The World Health Organization (WHO) has said there is a “huge biological risk” after fighters in Sudan seized the country’s national public laboratory holding samples of diseases including polio and measles.
“There is a huge biological risk associated with the occupation of the central public health lab,” said Nima Saeed Abid, the WHO’s representative in Sudan on Tuesday, talking to reporters in Geneva via video link.
Fighters “kicked out all the technicians from the lab … which is completely under the control of one of the fighting parties as a military base,” Abid said, adding that this created an “extremely, extremely dangerous” situation.
A power struggle between Sudan’s military leader Abdel Fattah al-Burhan and the commander of the paramilitary Rapid Support Forces (RSF), Mohamed Hamdan Dagalo, known as “Hemeti,” has plunged Sudan into fierce fighting.
The WHO representative did not specify which side’s fighters have seized the laboratory.

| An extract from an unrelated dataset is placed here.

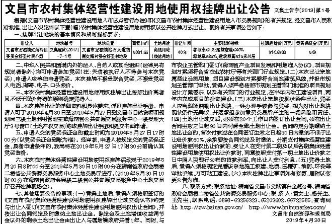 文昌市农村集体经营性建设用地使用权挂牌出让公告
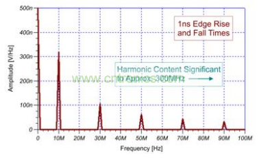10 ns 邊緣率時方程式結(jié)果為約 31.8 MHz。曲線圖顯示,最后一次明顯諧波出現(xiàn)在30 MHz。同時,圖 2 所示 1 ns 邊緣率時方程式結(jié)果為 318 MHz 最大頻率。如果您的電路易受 318 MHz 頻帶內(nèi)產(chǎn)生的頻率影響,則 EMI 諧波可能會使您的電路出現(xiàn)干擾。

U.S. Secretary of State Antony Blinken announced overnight that the two groups had agreed to a 72-hour nationwide cease-fire, which began at midnight, while governments worldwide are ramping up their efforts to evacuate their nationals from the country. The French government has coordinated much of the EU countries’ efforts to evacuate their nationals and diplomats.
Abid said he had received the information on the takeover from the head of the national laboratory in Khartoum on Monday, a day before the cease-fire came into effect.
Around 500 people have died so far and more than 4,000 are wounded due to the ongoing fighting, he said, citing numbers from the Sudanese health ministry.